Energy efficiency of HVAC equipment suffers due to poor installation
The push for more efficient air conditioners and heat pumps aims to trim the 30 percent share of residential electrical energy use devoted to cooling and heating. But the benefits of improved energy efficiency ratings can go for naught if the equipment is not installed properly, as verified in a recent study from the National Institute of Standards and Technology (NIST).
The NIST research report is the first to quantify efficiency losses due to common installation errors documented in field surveys.
"Our measurements indicate that improper installation could increase household energy use for space heating and cooling on the order of 30 percent over what it should be," says Piotr Domanski, who leads NIST research on the performance of HVAC (heating, ventilation, and air conditioning) and refrigeration equipment.
Domanski, Hugh Henderson of CDH Energy Corp., and NIST mechanical engineer Vance Payne undertook their three-year measurement and modeling study in response to surveys and other field evidence indicating that, as "typically installed," HVAC equipment may waste considerable energy. Commonly reported installation errors—or faults—include leaky ducts, improper refrigerant charge, oversizing of systems, and restricted air flow.
In surveys reviewed by the team, the majority of air-conditioning equipment evaluated in the field performed below rated energy-efficiency levels due to one or more installation faults. "Degraded equipment performance was commonly found in air conditioners, heat pumps, and related equipment," Domanski explains. "But most studies did not measure the increase in energy consumption due to a particular fault or combination of faults, which can be difficult to do in the field."
Under controlled environmental conditions, the team characterized the performance of a heat pump while operating with any one of seven commonly encountered faults. After determining how much each fault affected energy consumption in the laboratory, the researchers investigated how these same errors might impact energy use in two types of houses—one with a basement, the other built on a concrete slab—and in five different climate zones. This part of the analysis was conducted with a simulation tool developed by CDH Energy Corp.
Leaky air ducts emerged as the "dominant fault." Refrigerant undercharge and incorrect indoor airflow due to improperly sized ductwork followed as the most significant cause of increased energy use.

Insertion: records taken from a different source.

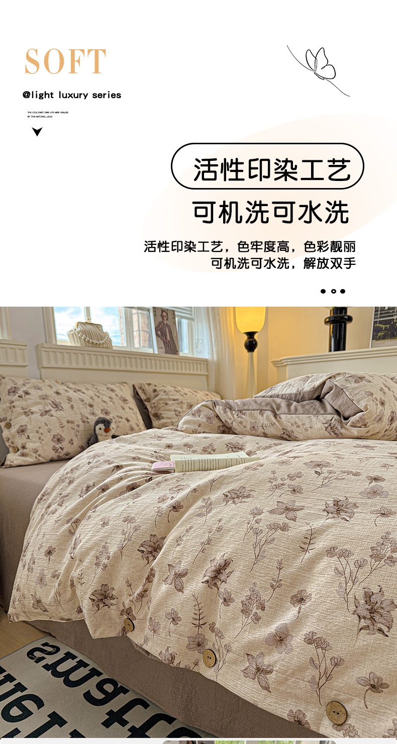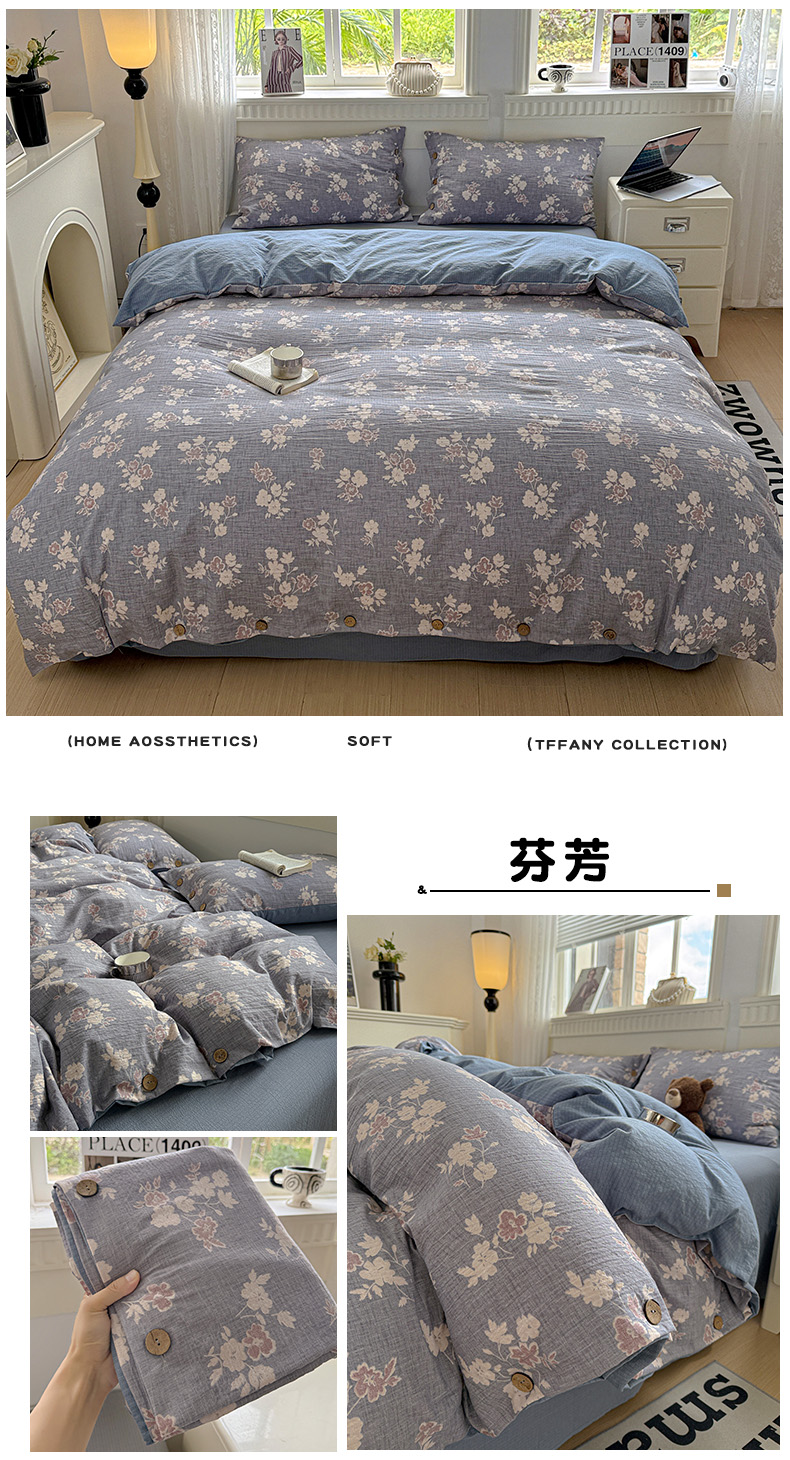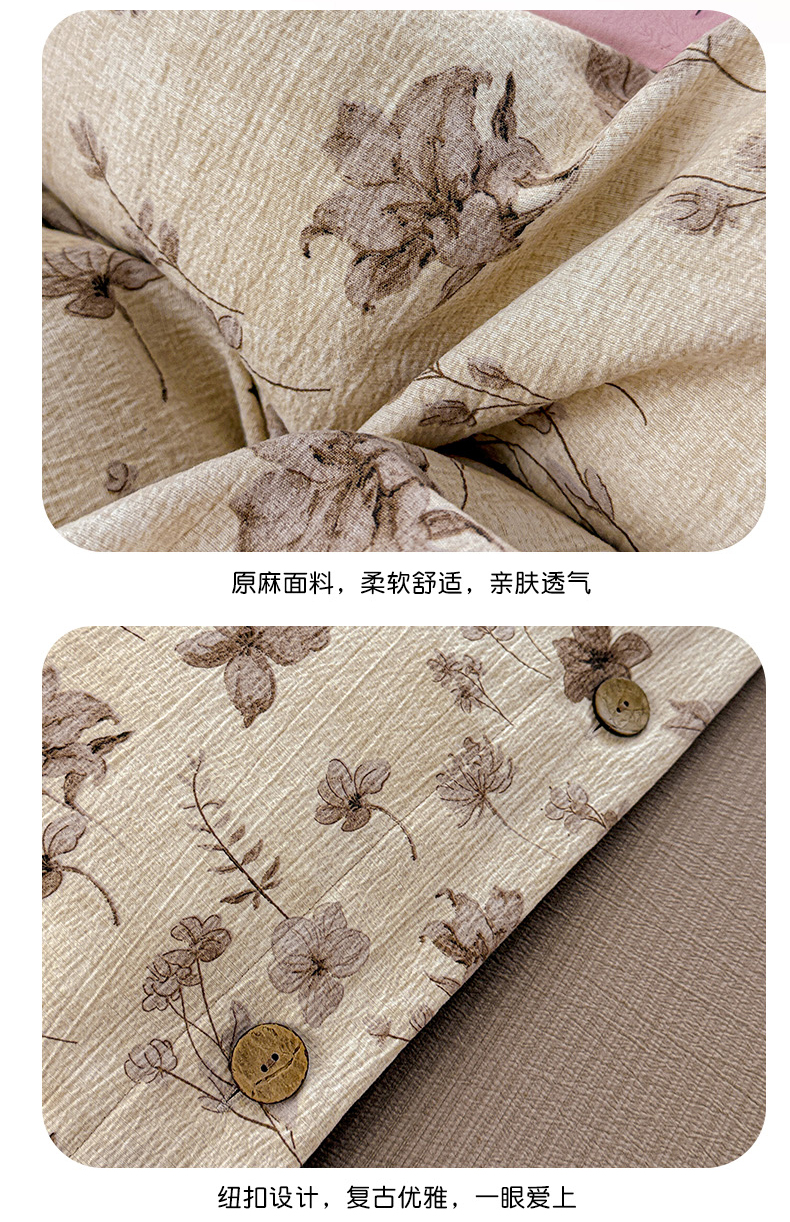 当前位置: 91家纺网 > 商品网购 > 床品套件 > 四件套 > 其它四件套 > 水墨江南 2025新款原麻复古印花纽扣款四件套 花影
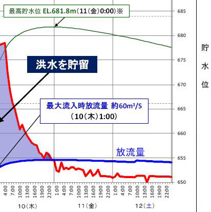 流入量を示す赤線と放流量を示す青線が交わったところが
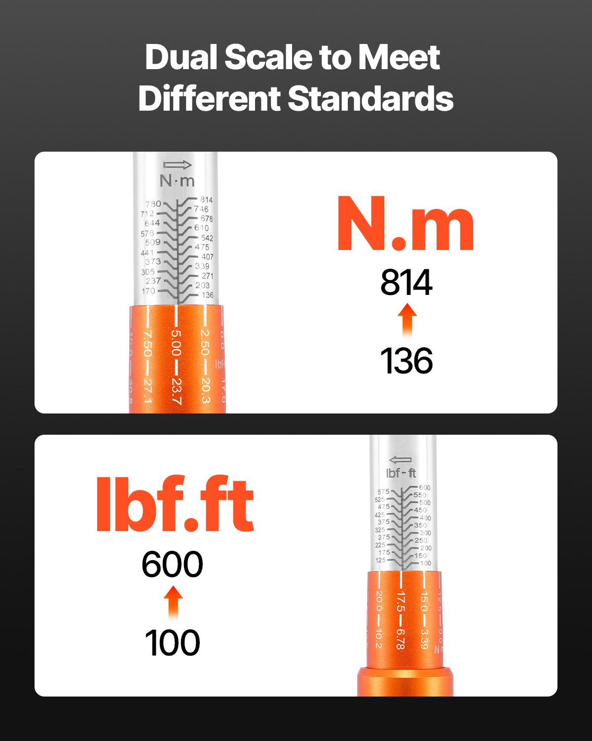 VEVOR Click moment ključ, pogon 3/4 inča 136–814 Nm, dvosmjerni set moment ključeva s dvostrukim rasponom skala, 48 zuba ±3% visokoprecizni legirani čelik za popravak automobila, narančasta boja
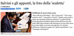 La foto della scaletta Salvini è stata immortalata dall’agenzia Afp e pubblicata sul sito dell’AdnKronos. Nell’immagine si vedono i fogli con gli appunti presi a penna dal leader della Lega. Da lì si possono leggere i punti cardine su cui l’ex ministro dell’interno voleva insistere e ha poi insistito nei suoi dieci minuti di dichiarazione a Palazzo Madama.
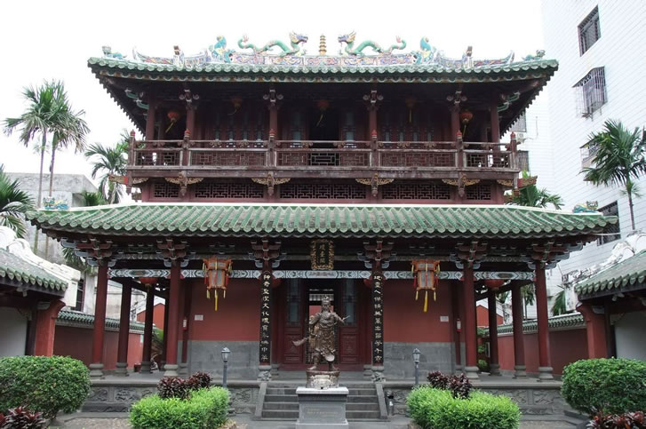 府城鼓樓位于府城鼓樓街,原名譙樓,又稱文明樓。始建于明洪武五年(1372年),明清兩代多次重修。臺基為明成化十七年(1481年)擴建而成,長28米,寬24米,高6.39米。兩拱門,寬4.6米,高7.1米,門額分刻“海南壯觀”、“奇甸文明”。現(xiàn)存鼓樓為清乾隆五十三年(1788年)重修,坐北朝南,面闊五間19.9米,進深三間9.95米,高7.56米,歇山頂,脊飾二龍朝日。樓內原有明正統(tǒng)元年(1436年)銅禁鐘一口,鐘銘記述了捐資鑄鐘情況及祈求國泰民安之意,現(xiàn)存五公祠。
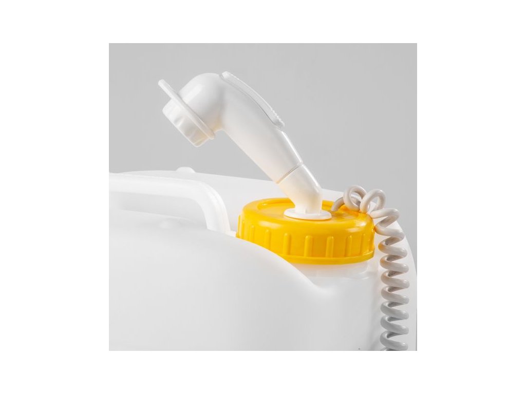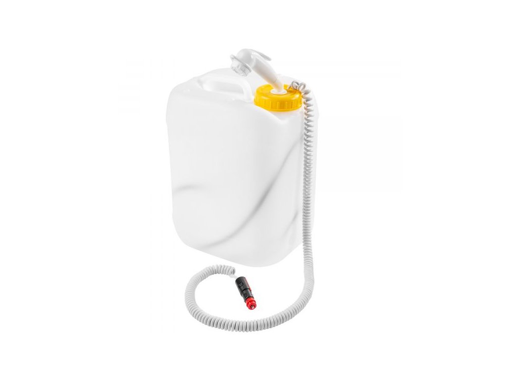 Extrémně snadné použití – zasuňte konektor do 12V zásuvky, vytáhněte hadici z kanystru, zmáčkněte páčku sprchové hlavice mírně dopředu ... a voda již teče.
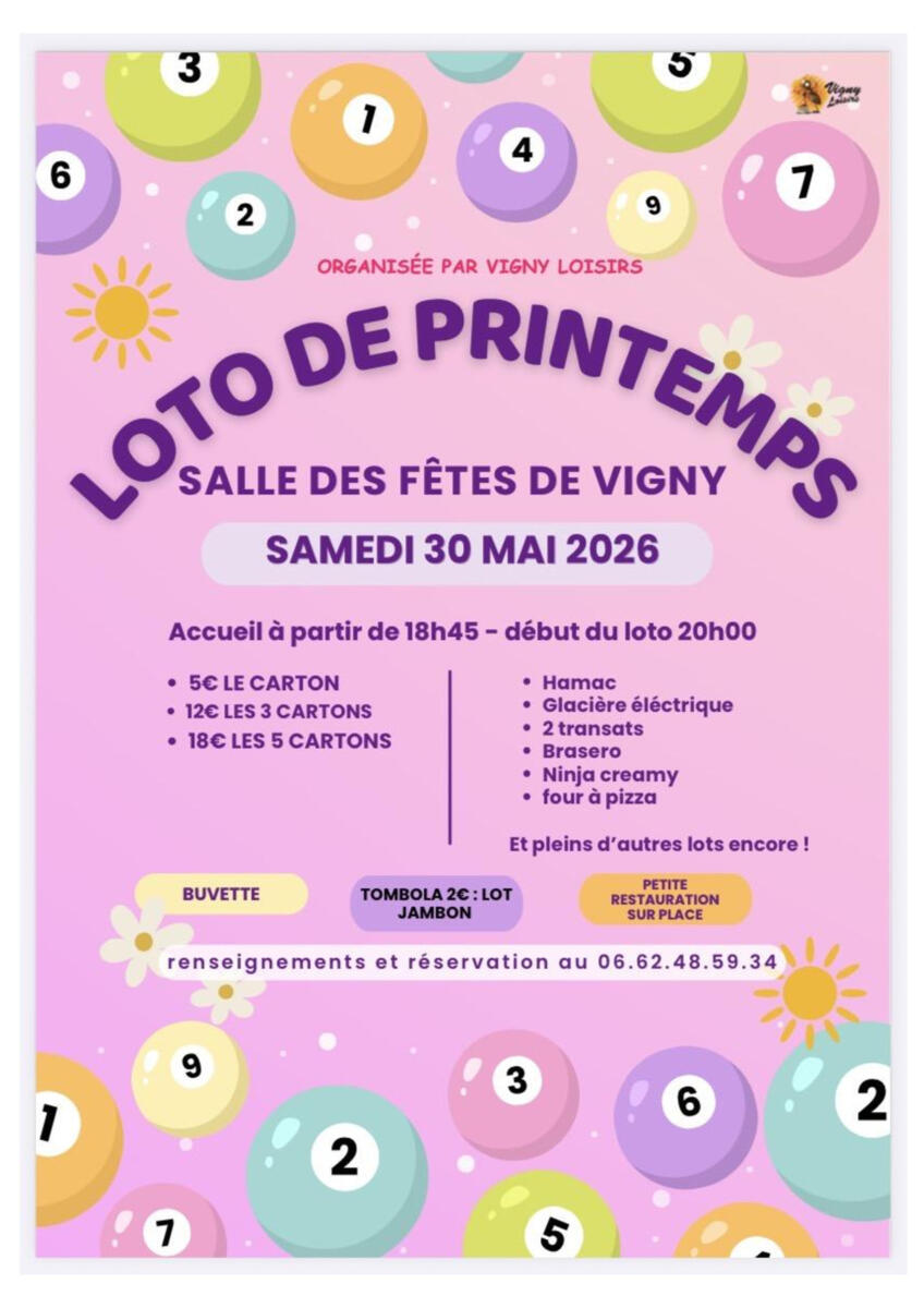le samedi 30 mai 2026 - accueil 18h45 sur réservation - Salle des Fêtes de VIGNY
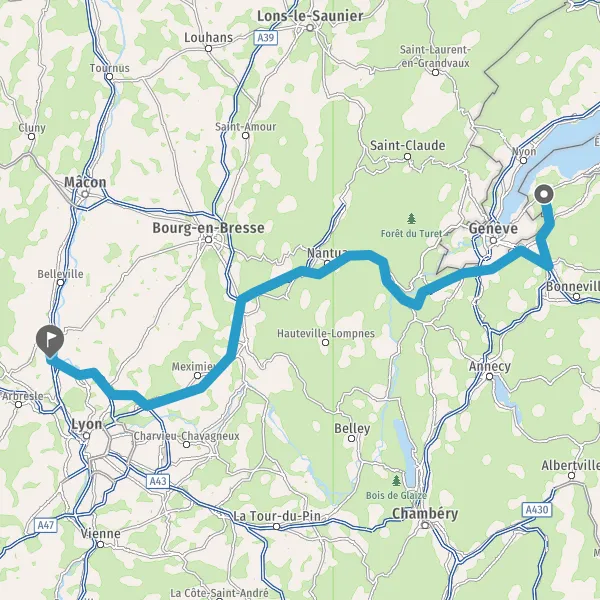 Prendre à droite et rejoindre D306 (Route de Lyon). Continuer sur 800 mètres

Other findings include:
For six of the seven faults studied, associated increases in energy use are similar for slab-on-grade and basement houses. However, leaky air ducts installed in unconditioned attic space can cause the greatest increase in energy use in slab-on-grade houses.
In hot and humid climates, duct leakage substantially increases indoor relative humidity, reducing human comfort. Occupants will typically lower the thermostat to compensate, which significantly increases energy use.
With a few exceptions, simultaneous faults have additive effects on energy consumption.
The bottom line: Sizing, selecting, and installing HVAC equipment according to industry-recognized procedures is critical to ensuring energy efficiency.
This NIST report constitutes the U.S. contribution to the recently completed Annex 36 Quality Installation/Quality Maintenance Sensitivity Analysis of the International Energy Agency and is the first of its kind to quantify the effects of improper installation. The report will serve as the scientific basis for guiding training requirements for equipment installers.